Bangla sign language recognition and sentence building using deep learning
Abstract
Modern age being the era of Information technology, it would not have come this
far without the piled up data or information. Whereas communication is the basis
of collecting or gathering data or information, almost 5% of the world’s population
is not blessed with the ability of verbal communication [1]. For deaf and dumb
people lacking the ability of verbal communication, sign language is the solution.

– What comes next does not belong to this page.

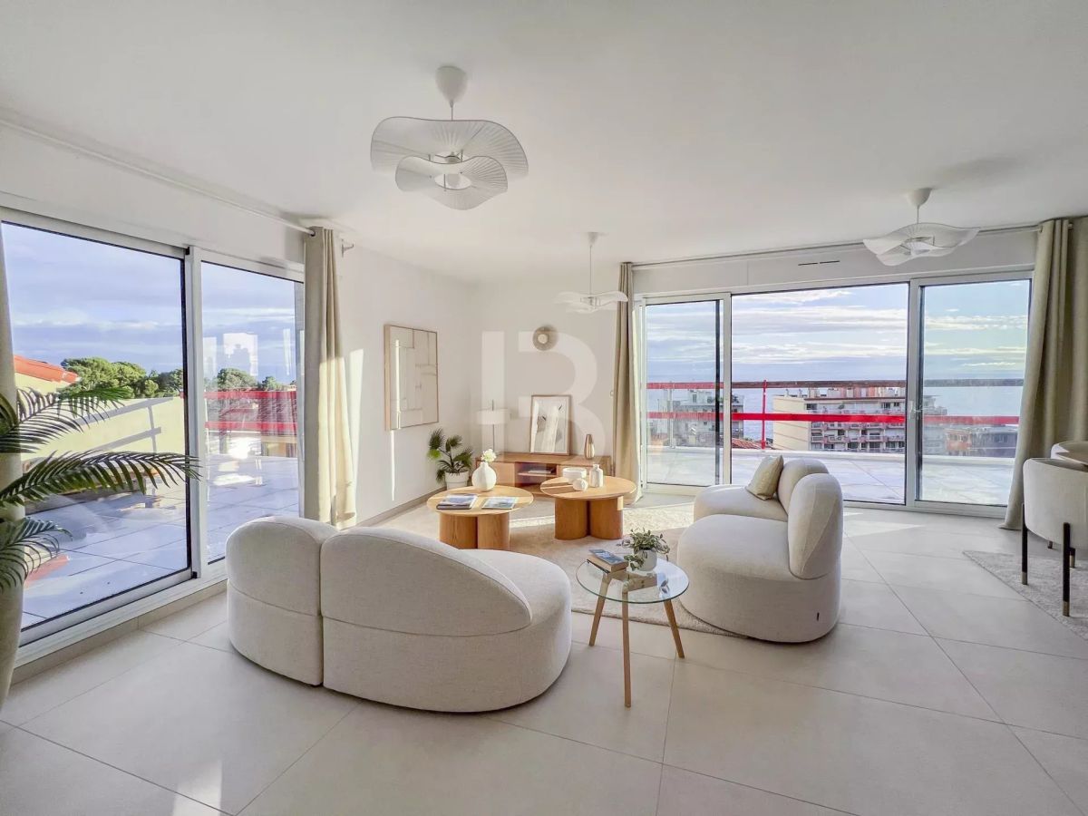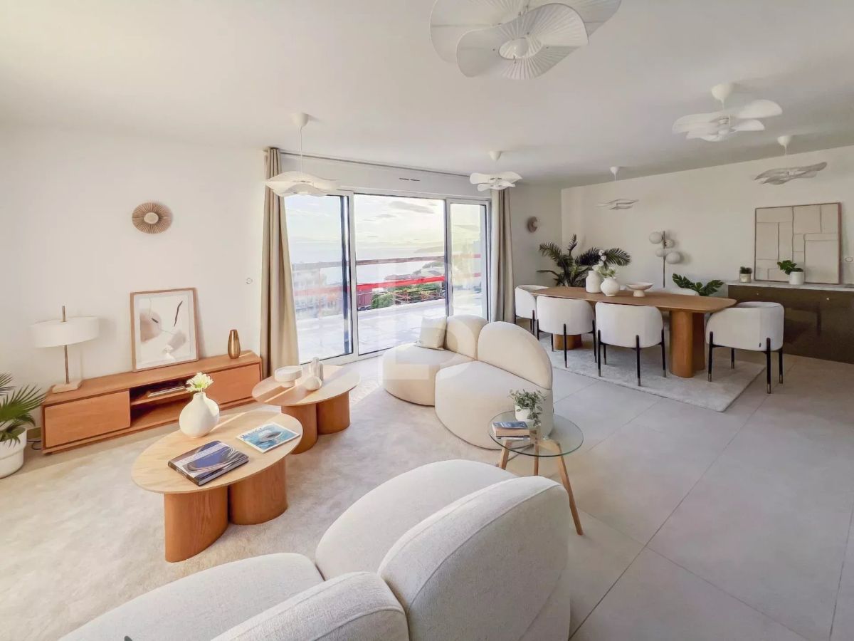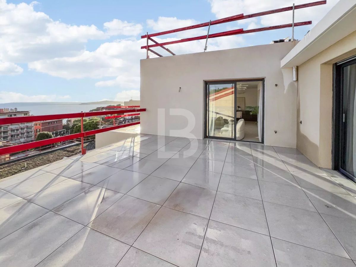 Avec ses prestations de standing, cet appartement comme une villa-sur-le-toit se compose d'une entrée avec placard desservant un spacieux séjour/cuisine d'angle s'ouvrant, par deux larges baies vitrées sur de profondes terrasses bénéficiant d'une magnifique vue sur la mer et la ville.

Sign language varies from the verbal language in every form and rule. This creates a
gap between people conversing in verbal language and those communicating in sign
language. Verbal languages are easy to interpret for having a common rule-following
but sign language differs from region to region. This hampers the communication
between normal people and those interacting in sign languages. Human to human
interpretation is tough because of the enriched word wise signs and vocabs. To
eradicate this issue, we are proposing a machine-based approach for training and
detecting the Bangla Sign Language. Our aim is to train the system with enough
samples containing different signs used in Bangla Sign Language. In this research,
we are using the Convolutional Neural Network (CNN) for training each individual
sign. In addition to working as a medium of communication between the deaf and
mute with the remaining society, this approach would also serve as a tool for the
hearing deprived to learn and use the sign language properly. Moreover, this would
also come to assistance for anyone willing to learn or develop sign language or wishes
to work with those with special needs of using sign language.